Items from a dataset
<<<<
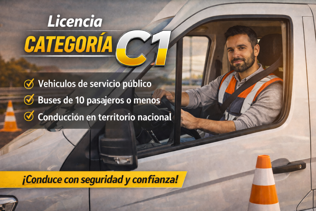 La licencia de conducción categoría C1 autoriza la conducción de vehículos de servicio público, tales como automóviles, camperos, camionetas y microbuses, así como vehículos de carga de servicio público (camiones y buses de menor capacidad), de acuerdo con la normatividad vigente en Colombia.
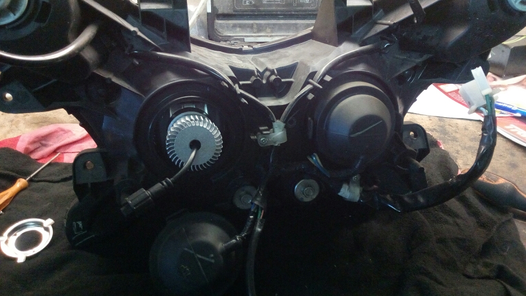 Did you have to split the light assembly to do the upgrade? I am considering working on mine over the winter. Changing the main bulbs shouldn't be difficult (I have some HS5 bulbs I want to install there), but the top and bottom light sockets are empty. Those are the ones I am considering doing something with.
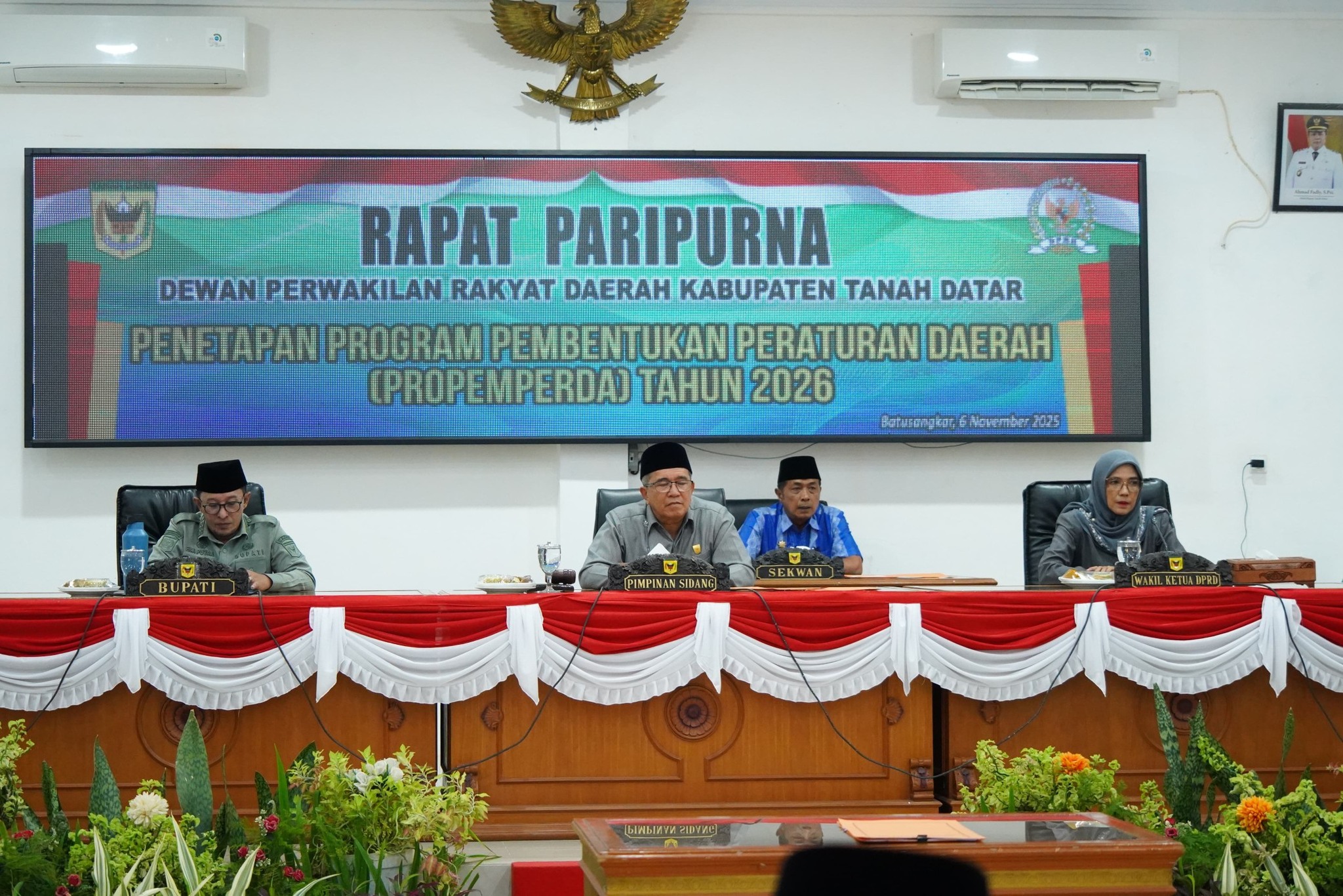 Tanah Datar, – Dewan Perwakilan Rakyat Daerah (DPRD) Kabupaten Tanah Datar menggelar Rapat Paripurna Penetapan Program Pembentukan Peraturan Daerah (Propemperda) Kabupaten Tanah Datar Tahun 2026, Kamis (6/11/2025) di ruang sidang utama DPRD setempat di Pagaruyung.
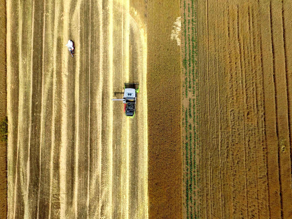 6月1日,收割机在山东省临沂市郯城县郯城街道三井村田间收割小麦(无人机照片)。新华社发(张春雷 摄)
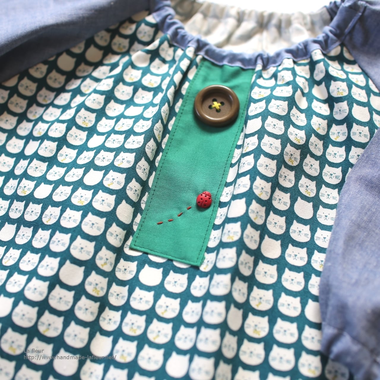 かわいい猫柄とダンガリー生地を切り替えて制作しました。
>>>>
§ **TASK REQUIREMENTS**
What is needed is an exact restatement of every line from the one containing "Did you have" through the last line of the records, pictures left out.

§ **COMPLETED EXERCISE**
 Did you have to split the light assembly to do the upgrade? I am considering working on mine over the winter. Changing the main bulbs shouldn't be difficult (I have some HS5 bulbs I want to install there), but the top and bottom light sockets are empty. Those are the ones I am considering doing something with.
 Tanah Datar, – Dewan Perwakilan Rakyat Daerah (DPRD) Kabupaten Tanah Datar menggelar Rapat Paripurna Penetapan Program Pembentukan Peraturan Daerah (Propemperda) Kabupaten Tanah Datar Tahun 2026, Kamis (6/11/2025) di ruang sidang utama DPRD setempat di Pagaruyung.
 6月1日,收割机在山东省临沂市郯城县郯城街道三井村田间收割小麦(无人机照片)。新华社发(张春雷 摄)
 かわいい猫柄とダンガリー生地を切り替えて制作しました。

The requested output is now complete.